GOAL OF THE EXERCISE —
The entries below need to be written out exactly, with no pictures included.

Stored items from a collection —
****************

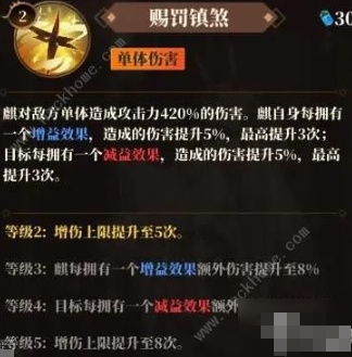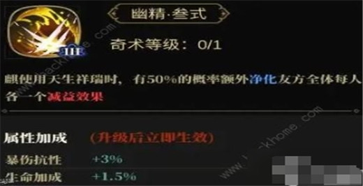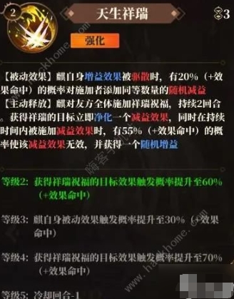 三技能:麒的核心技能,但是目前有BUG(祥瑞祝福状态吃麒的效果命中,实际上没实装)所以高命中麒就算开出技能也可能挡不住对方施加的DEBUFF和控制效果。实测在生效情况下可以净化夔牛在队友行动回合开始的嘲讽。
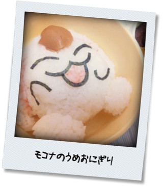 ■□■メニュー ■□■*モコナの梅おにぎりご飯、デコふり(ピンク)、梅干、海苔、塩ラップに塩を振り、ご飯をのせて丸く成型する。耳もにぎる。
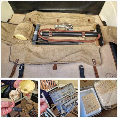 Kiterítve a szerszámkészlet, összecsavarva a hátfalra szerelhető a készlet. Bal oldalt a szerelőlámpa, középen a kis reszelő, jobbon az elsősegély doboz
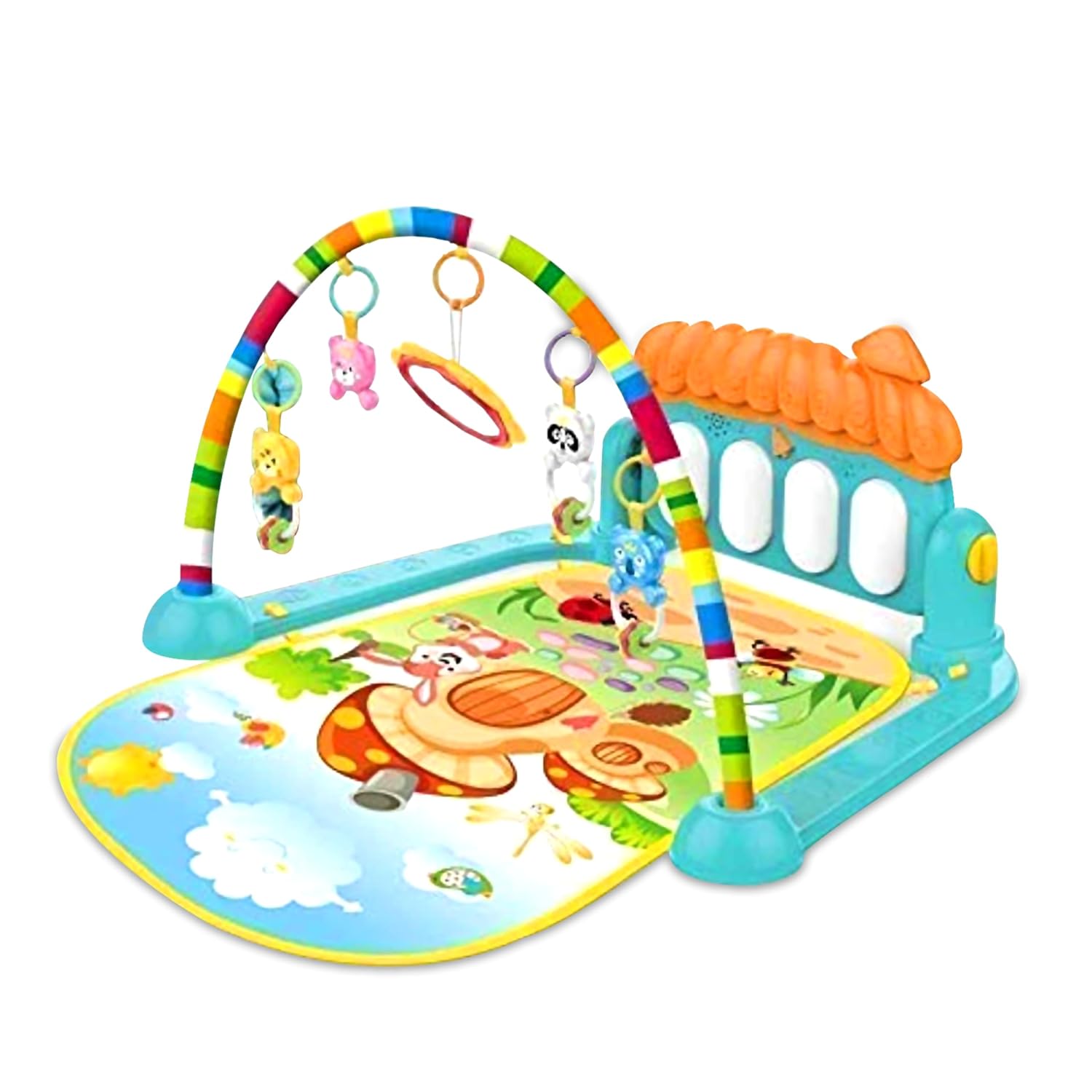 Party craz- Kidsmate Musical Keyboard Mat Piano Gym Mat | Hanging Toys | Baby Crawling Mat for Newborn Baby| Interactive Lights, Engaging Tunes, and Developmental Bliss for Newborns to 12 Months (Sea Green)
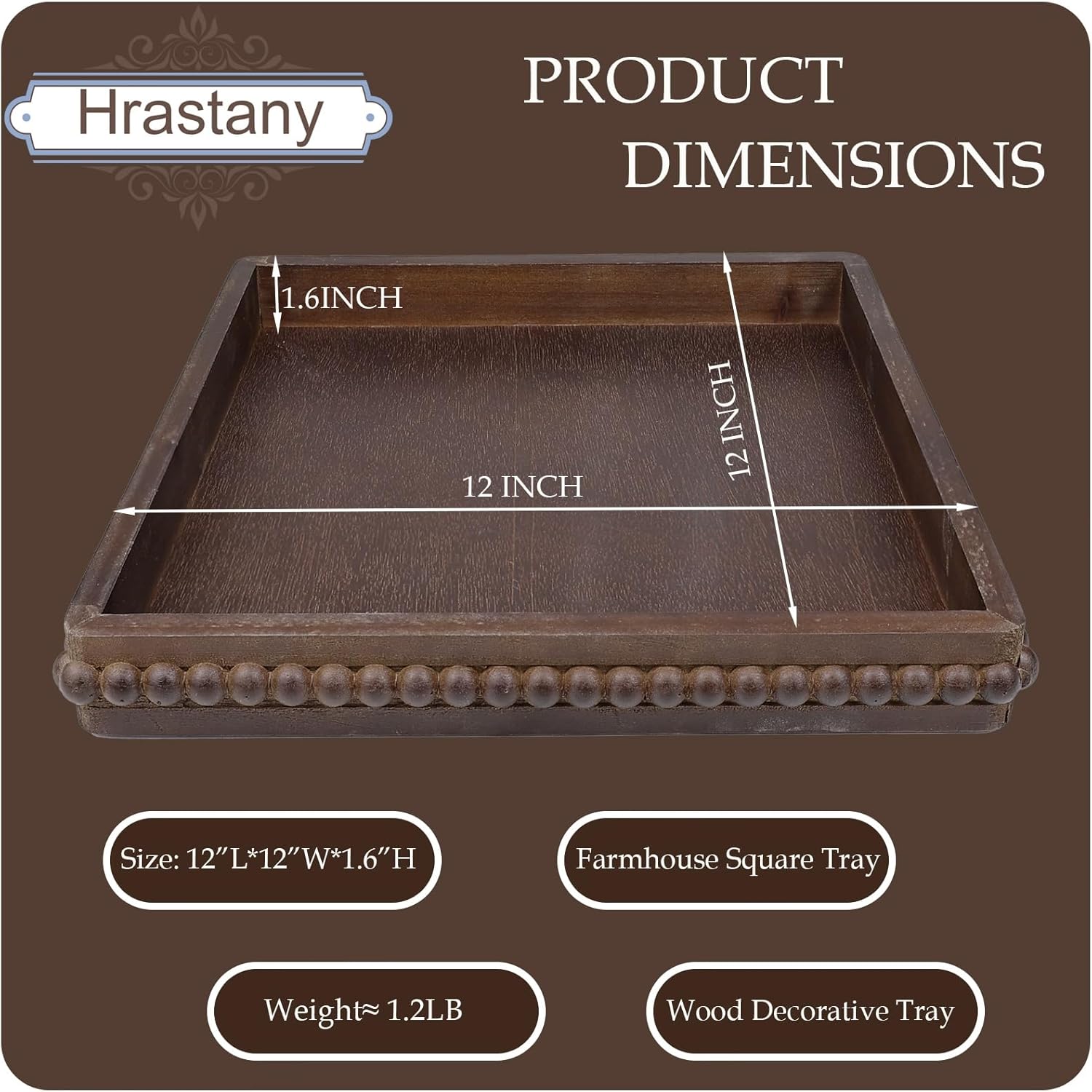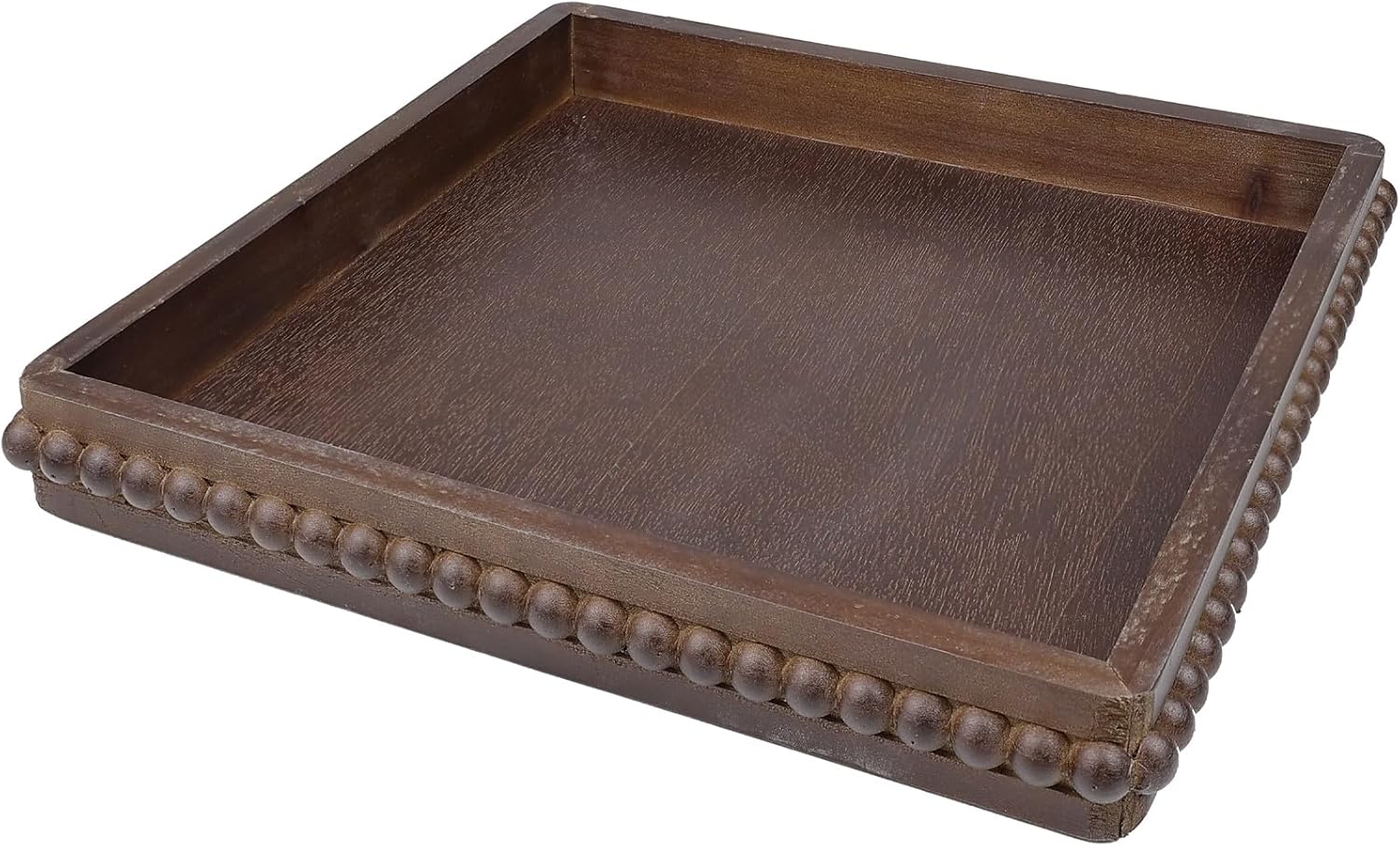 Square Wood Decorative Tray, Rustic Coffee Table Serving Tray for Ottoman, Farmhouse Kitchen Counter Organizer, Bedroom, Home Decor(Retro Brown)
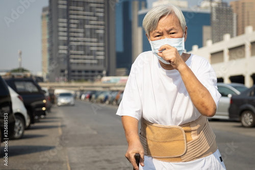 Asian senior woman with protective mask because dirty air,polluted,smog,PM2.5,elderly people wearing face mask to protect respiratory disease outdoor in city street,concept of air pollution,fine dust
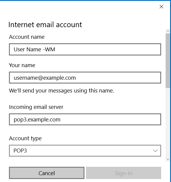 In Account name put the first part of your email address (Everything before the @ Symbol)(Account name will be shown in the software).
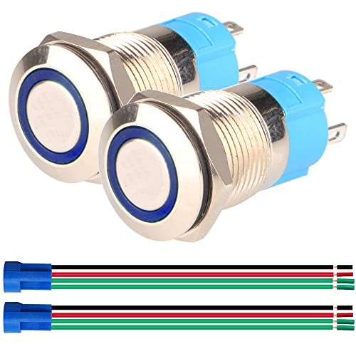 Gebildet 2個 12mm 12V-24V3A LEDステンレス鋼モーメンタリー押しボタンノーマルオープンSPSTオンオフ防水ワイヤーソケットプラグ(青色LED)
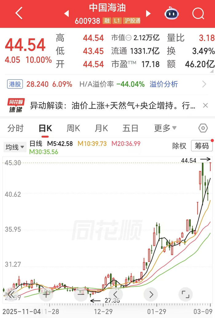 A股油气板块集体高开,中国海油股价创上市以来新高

****************

ANSWER TO THIS PROBLEM —
 三技能:麒的核心技能,但是目前有BUG(祥瑞祝福状态吃麒的效果命中,实际上没实装)所以高命中麒就算开出技能也可能挡不住对方施加的DEBUFF和控制效果。实测在生效情况下可以净化夔牛在队友行动回合开始的嘲讽。
 ■□■メニュー ■□■*モコナの梅おにぎりご飯、デコふり(ピンク)、梅干、海苔、塩ラップに塩を振り、ご飯をのせて丸く成型する。耳もにぎる。
 Kiterítve a szerszámkészlet, összecsavarva a hátfalra szerelhető a készlet. Bal oldalt a szerelőlámpa, középen a kis reszelő, jobbon az elsősegély doboz
 Party craz- Kidsmate Musical Keyboard Mat Piano Gym Mat | Hanging Toys | Baby Crawling Mat for Newborn Baby| Interactive Lights, Engaging Tunes, and Developmental Bliss for Newborns to 12 Months (Sea Green)
 Square Wood Decorative Tray, Rustic Coffee Table Serving Tray for Ottoman, Farmhouse Kitchen Counter Organizer, Bedroom, Home Decor(Retro Brown)
 Asian senior woman with protective mask because dirty air,polluted,smog,PM2.5,elderly people wearing face mask to protect respiratory disease outdoor in city street,concept of air pollution,fine dust
 In Account name put the first part of your email address (Everything before the @ Symbol)(Account name will be shown in the software).
 Gebildet 2個 12mm 12V-24V3A LEDステンレス鋼モーメンタリー押しボタンノーマルオープンSPSTオンオフ防水ワイヤーソケットプラグ(青色LED)
 A股油气板块集体高开,中国海油股价创上市以来新高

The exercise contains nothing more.